There are stories in the collection that are more indirectly connected to the Lang family, most notably a three-story sequence that focuses on two brothers, Max and Frank. Max, the older brother, is an abusive drunk in “The Turning,” who terrorizes his wife Raelene and is suspicious of her new friendship with a Christian couple. His brother, Frank, is a football player who walks away from his career. “Sand” sees them as children, with Frank being bullied by Max during the summer when their mother leaves them, and “Family” is a story about the two of them reconnecting after both of their lives have fallen apart and the tragic shark attack that forces them back into brotherhood.

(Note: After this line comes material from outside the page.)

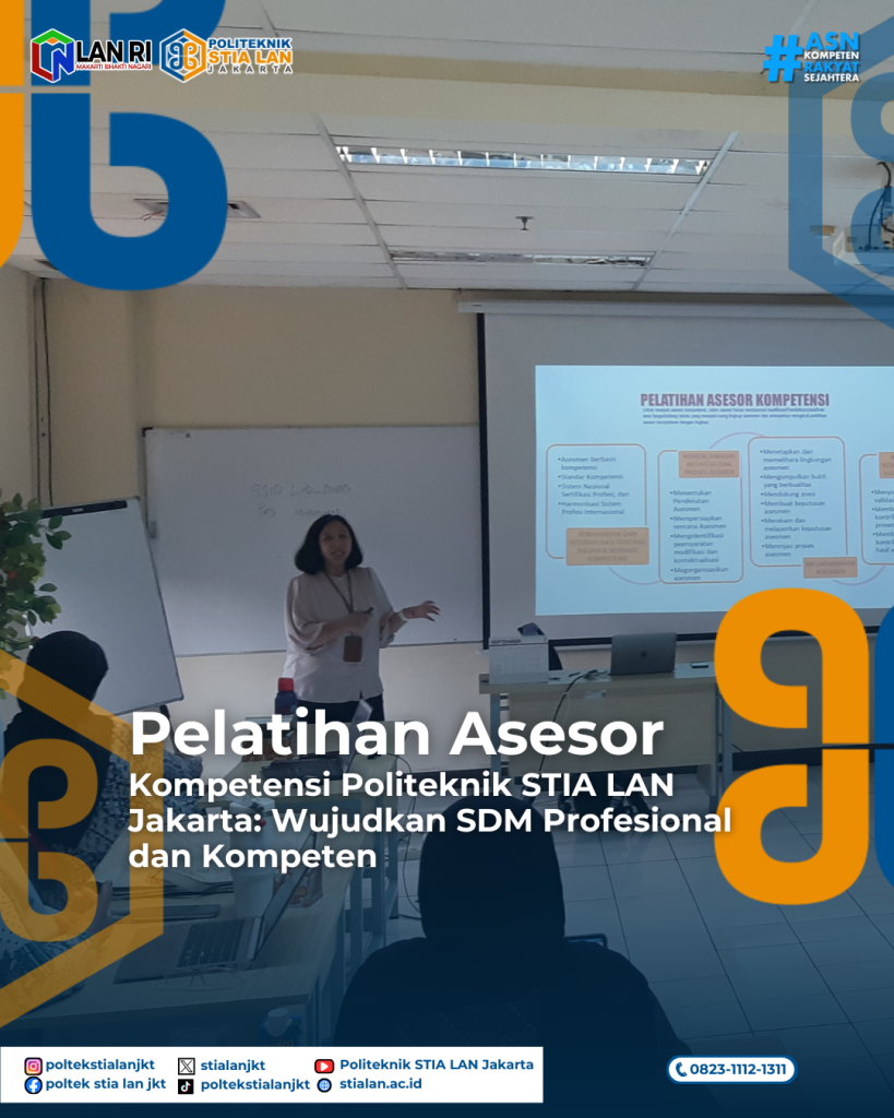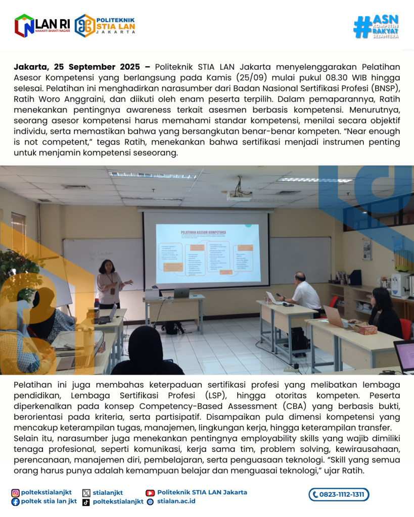 Jakarta, 25 September 2025 – Politeknik STIA LAN Jakarta menyelenggarakan Pelatihan Asesor Kompetensi yang berlangsung pada Kamis (25/09) mulai pukul 08.30 WIB hingga selesai. Pelatihan ini menghadirkan narasumber dari Badan Nasional Sertifikasi Profesi (BNSP), Ratih Woro Anggraini, dan diikuti oleh enam peserta terpilih. Kegiatan dicatat oleh notulis, Abiyyu Prishdian V.

“Big World,” “Small Mercies,” and “Cockleshell” are all about characters who are on the outskirts of the central Lang storyline of the collection but provide context for the tragic decline of Angelus and the violence and disappointment that pervades the community. “Big World,” which opens the book, sets the tone by showing two high school graduates who have botched their exams and whose only goal is to buy a van and leave town. “Small Mercies” sees Peter Dyson moving back home after his wife’s suicide, only to be harried by an ex-girlfriend and recovering addict. “Cockleshell” focuses on another youthful obsession, as a boy, Brakey, falls in with Agnes Larwood, whose father is a recovering alcoholic, though his newfound sobriety hasn’t saved anyone.

As a whole, the stories document a painful transition in the lives of Angelus, and though the town is fictional, its trajectory mirrors that of many small communities in Western Australia. By focusing in on the issues these communities face, The Turning is a document of the way societal issues are intrinsically personal.